На следующем этапе «Хоббит» неожиданно предстает романом á these(155), даже аллегорией, где Бильбо Бэггинс, в роли Современного Человека, пускается в свой «Путь Пилигрима»[181] (или «Путь Пилигрима; туда и обратно»), цель которого — Страна Фантазия. И вот оказывается, что он проделал свой путь только ради того, чтобы в самом сердце мира чудовищ наткнуться на воплощение худших сторон своей собственной природы, на воплощение жадности или, может быть, самого Капитализма, который держится за свое золото как свирепая мисс Хэвишем[182]. Мораль была бы при этом такой — дескать, от «буржуа» всегда один шаг до грабителя, или что–нибудь в том же роде. Однако, хотя «Хоббит» и не претендует на аллегоричность, все же ближе к концу в нем нет–нет да и проглянет тот самый «символизм в широком смысле слова», который Толкин усматривал в «Беовульфе» и который более широко и отчетливо представлен во «Властелине Колец». В последней сцене «Хоббита», в беседе Гэндальфа, Бильбо и Балина, автор позволяет волшебнику слегка проговориться.
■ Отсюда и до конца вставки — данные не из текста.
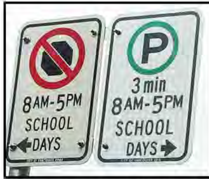
2. No stopping during school hours 3. Park only for 3 mins during school hours
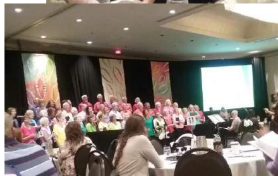
June 19 th - 24 th
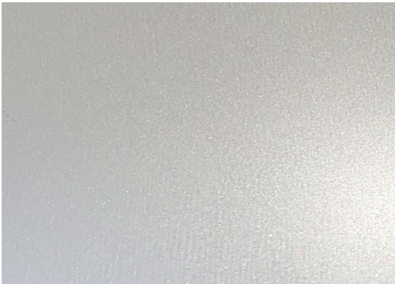
B. Aluminum Composite Panels Omega Panel Champagne

Гэндальф говорит, что метафоры могут «на свой лад» содержать в себе истину, что вымысел и реальность отличаются не по глубинной сути, а по способу представления (выражения) этой сути[183]. Логика его слов такова: если реальность, воспетая в старых песнях, могла содержать в себе такую прозу, как хоббит Бильбо Бэггинс, то, может быть, и прозаические события сегодняшнего дня найдут себе когда–нибудь место в песнях… Отсюда вывод: человеческая — или гномо–хоббито–человеческая — природа не оторвана от реальности и внутренне непротиворечива.